Give all of the data below again exactly, and drop the images.

(Data excerpts)
++++++++

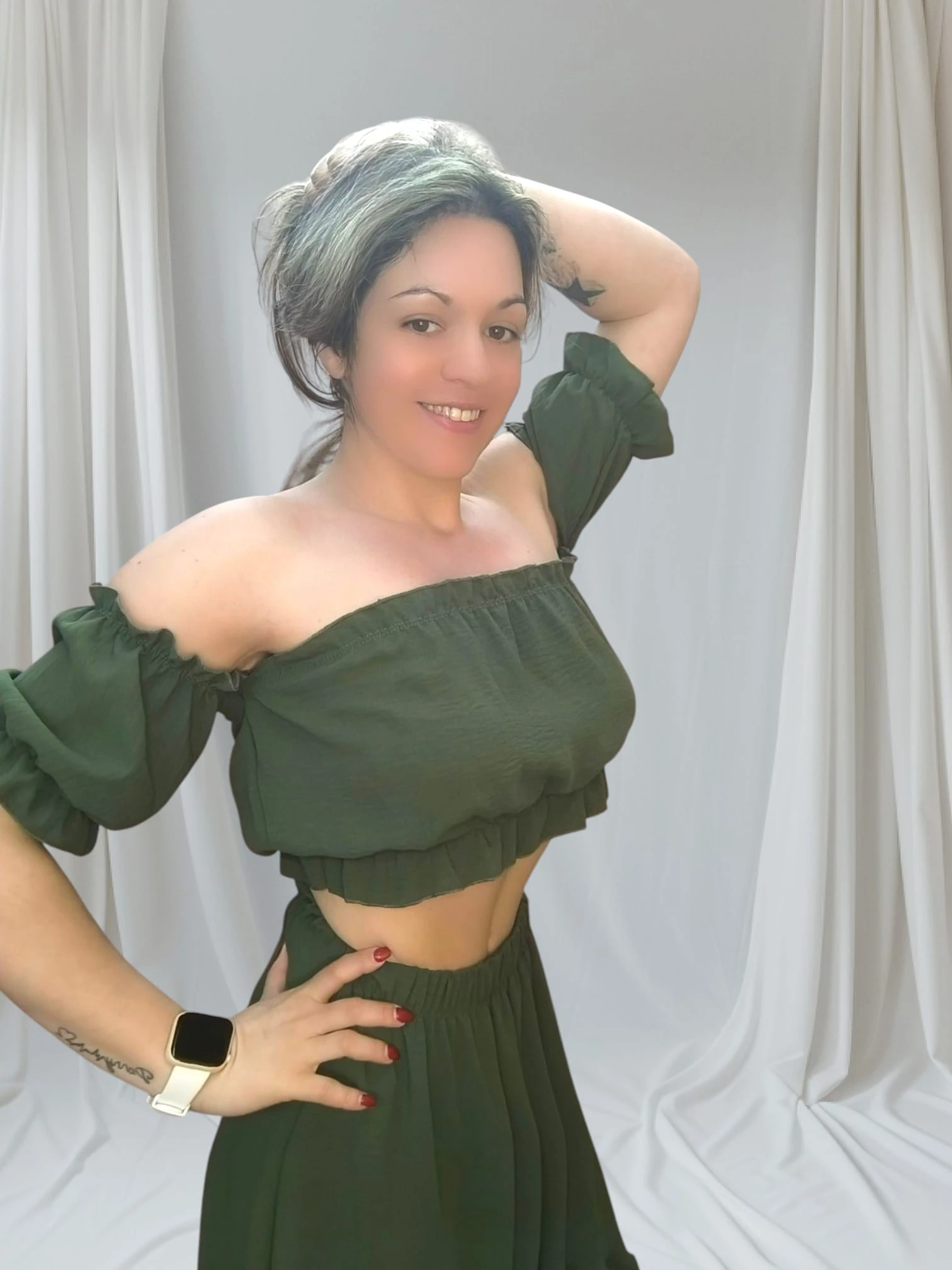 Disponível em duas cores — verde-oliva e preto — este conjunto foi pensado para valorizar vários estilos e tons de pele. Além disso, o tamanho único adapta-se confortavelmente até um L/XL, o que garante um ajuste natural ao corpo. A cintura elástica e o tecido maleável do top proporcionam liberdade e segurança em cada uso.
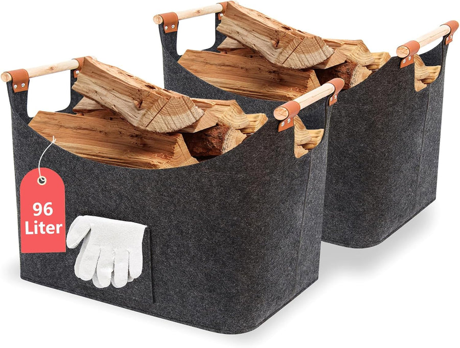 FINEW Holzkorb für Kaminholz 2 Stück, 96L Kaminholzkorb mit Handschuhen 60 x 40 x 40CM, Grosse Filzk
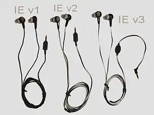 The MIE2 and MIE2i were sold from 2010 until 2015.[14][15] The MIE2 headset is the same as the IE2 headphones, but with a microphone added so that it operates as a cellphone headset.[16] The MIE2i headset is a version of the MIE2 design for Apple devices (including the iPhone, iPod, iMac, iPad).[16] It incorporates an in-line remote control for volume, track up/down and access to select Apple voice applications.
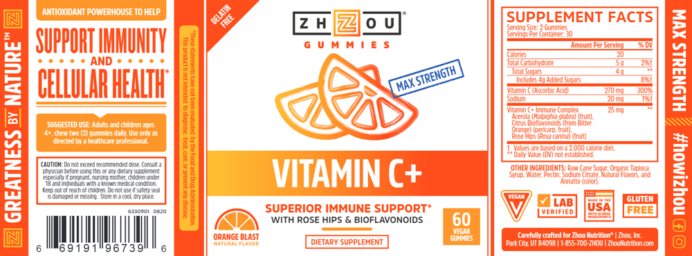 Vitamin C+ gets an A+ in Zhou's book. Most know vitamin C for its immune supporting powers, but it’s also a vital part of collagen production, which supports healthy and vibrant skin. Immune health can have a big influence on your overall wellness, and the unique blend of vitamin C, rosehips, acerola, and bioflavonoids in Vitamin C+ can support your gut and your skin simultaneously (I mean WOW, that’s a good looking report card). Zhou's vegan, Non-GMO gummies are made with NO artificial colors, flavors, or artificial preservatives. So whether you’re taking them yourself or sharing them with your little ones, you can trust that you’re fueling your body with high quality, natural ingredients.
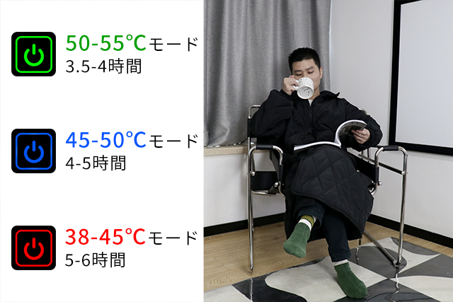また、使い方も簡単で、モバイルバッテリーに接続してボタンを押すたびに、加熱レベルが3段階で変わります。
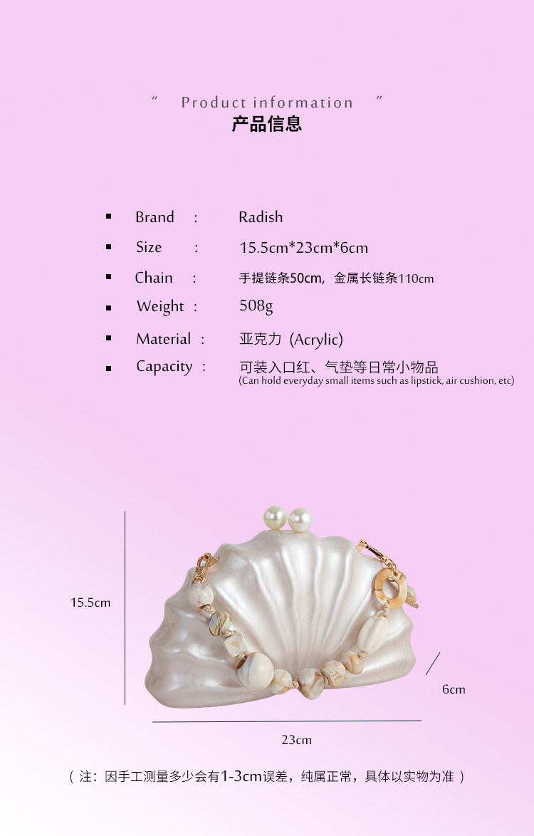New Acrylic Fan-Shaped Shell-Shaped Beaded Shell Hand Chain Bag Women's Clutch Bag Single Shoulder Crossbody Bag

++++++++

▸ **RESPONSE TO THE TASK**
 Disponível em duas cores — verde-oliva e preto — este conjunto foi pensado para valorizar vários estilos e tons de pele. Além disso, o tamanho único adapta-se confortavelmente até um L/XL, o que garante um ajuste natural ao corpo. A cintura elástica e o tecido maleável do top proporcionam liberdade e segurança em cada uso.
 FINEW Holzkorb für Kaminholz 2 Stück, 96L Kaminholzkorb mit Handschuhen 60 x 40 x 40CM, Grosse Filzk
 The MIE2 and MIE2i were sold from 2010 until 2015.[14][15] The MIE2 headset is the same as the IE2 headphones, but with a microphone added so that it operates as a cellphone headset.[16] The MIE2i headset is a version of the MIE2 design for Apple devices (including the iPhone, iPod, iMac, iPad).[16] It incorporates an in-line remote control for volume, track up/down and access to select Apple voice applications.
 Vitamin C+ gets an A+ in Zhou's book. Most know vitamin C for its immune supporting powers, but it’s also a vital part of collagen production, which supports healthy and vibrant skin. Immune health can have a big influence on your overall wellness, and the unique blend of vitamin C, rosehips, acerola, and bioflavonoids in Vitamin C+ can support your gut and your skin simultaneously (I mean WOW, that’s a good looking report card). Zhou's vegan, Non-GMO gummies are made with NO artificial colors, flavors, or artificial preservatives. So whether you’re taking them yourself or sharing them with your little ones, you can trust that you’re fueling your body with high quality, natural ingredients.
また、使い方も簡単で、モバイルバッテリーに接続してボタンを押すたびに、加熱レベルが3段階で変わります。
New Acrylic Fan-Shaped Shell-Shaped Beaded Shell Hand Chain Bag Women's Clutch Bag Single Shoulder Crossbody Bag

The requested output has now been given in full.